For the classical baseline, a Support Vector Machine with a radial‑basis‑function (RBF) kernel is trained on the full 15‑dimensional feature set (C = 10, γ set by the “scale” heuristic). Both the classical and quantum models use a 70/30 train‑test split with a fixed random seed (42) and stratified sampling.

Experiments are performed on three platforms: (i) a noiseless statevector simulator, (ii) IBM’s 133‑qubit “Torino” processor (first‑generation superconducting architecture), and (iii) IBM’s 156‑qubit “Fez” processor, which implements the newer Heron r2 architecture. On the simulator, the QSVM attains 94.81 % accuracy, slightly surpassing the classical RBF‑SVM (≈93 %). On Torino, the QSVM reaches 92.3 % accuracy; on Fez, it improves to 93.7 % thanks to lower two‑qubit gate error rates and better readout calibration. The authors attribute the performance gap between the two hardware platforms to differences in CNOT error rates, qubit connectivity (2‑D vs. 3‑D topology), and coherence times.

To mitigate hardware noise, the study applies measurement‑error mitigation, zero‑noise extrapolation (ZNE), and circuit recompilation that reduces the number of CNOT gates by about 10 %. Combined, these techniques raise the average accuracy by roughly 1 % on both devices. Nevertheless, the authors observe that increasing the number of qubits beyond four leads to a rapid drop in accuracy (≈2–3 % loss), indicating that current NISQ devices cannot support deeper, higher‑dimensional quantum kernels without substantial error correction.

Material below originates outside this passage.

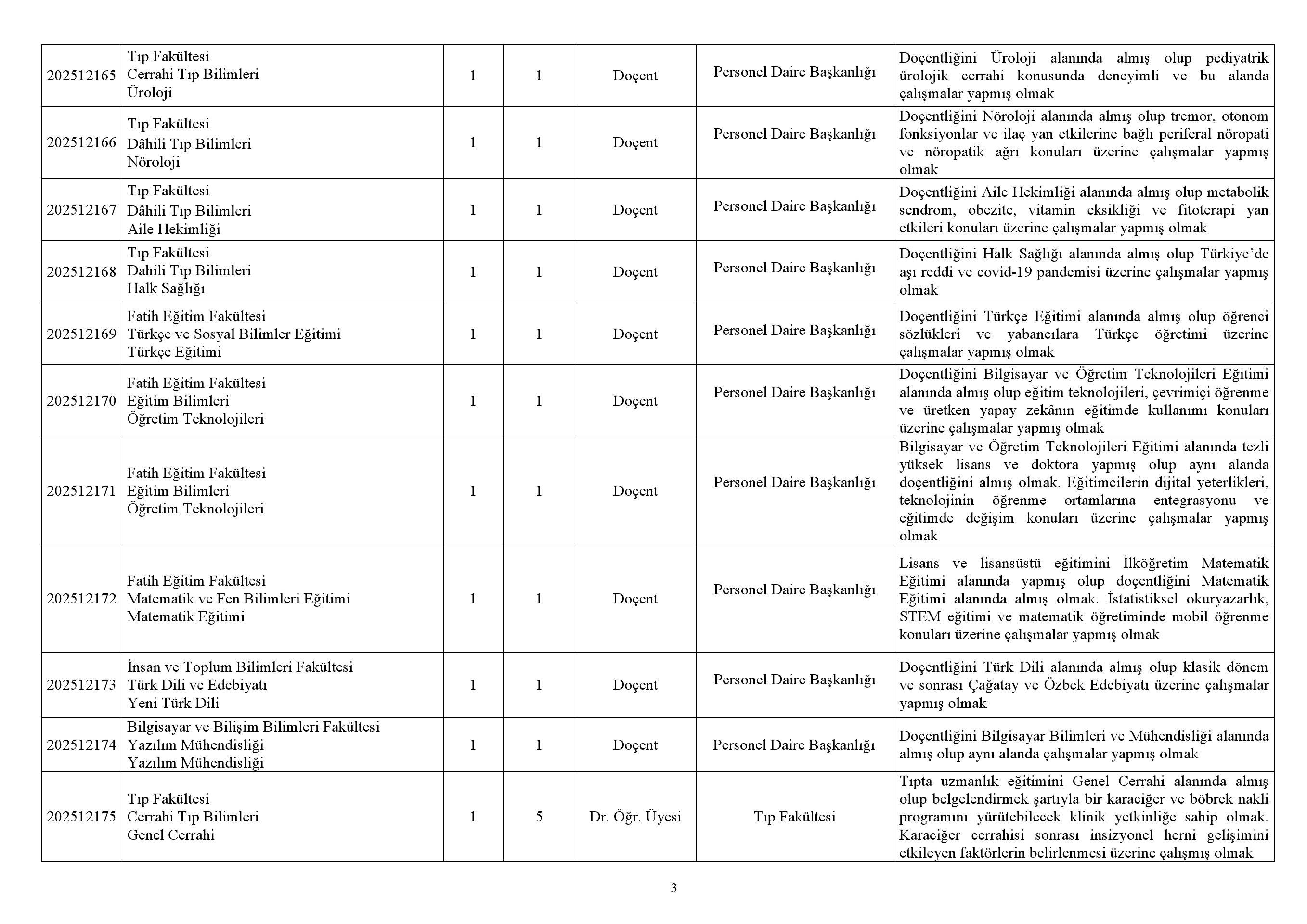 b) Doçent Kadroları İçin;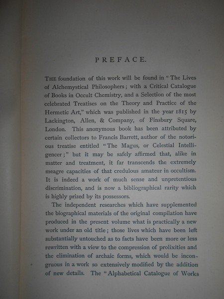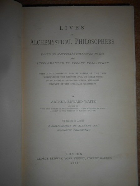 (Alchimia) Arthur Edward Waite. London, George Redway, 1888. Lives of Alchemystical Philosophers. Based on materials collected in 1815 and supplemented by recent researches. In-8° piccolo, piena pelle edit. con titolo in oro al dorso. 315, (4) pp. Ottimo esemplare. Chiedere se disponibile. VENDIBILE SOLO IN ITALIA. Uff. C - II - 3

The paper’s contributions are threefold: (1) a complete end‑to‑end quantum‑machine‑learning pipeline for a realistic radar classification task, (2) a systematic analysis of how shot count, gate depth, and hardware generation affect quantum kernel estimation, and (3) empirical evidence that quantum kernels can match classical kernels on a practical dataset while operating on a dramatically reduced feature space.

In the discussion, the authors stress that while the results are promising, practical deployment will require (i) further reductions in circuit depth, (ii) more sophisticated error‑mitigation or error‑correction schemes, and (iii) hardware with lower two‑qubit error rates. They suggest future work on multi‑layer quantum feature maps, hybrid quantum‑classical architectures (e.g., quantum kernels feeding into deep neural networks), and real‑time processing of streaming radar data.

Overall, the study demonstrates that quantum kernel methods are not merely theoretical curiosities but can be experimentally realized on contemporary superconducting quantum processors for a non‑trivial signal‑processing problem, highlighting both the potential advantages and the current limitations imposed by NISQ‑era hardware.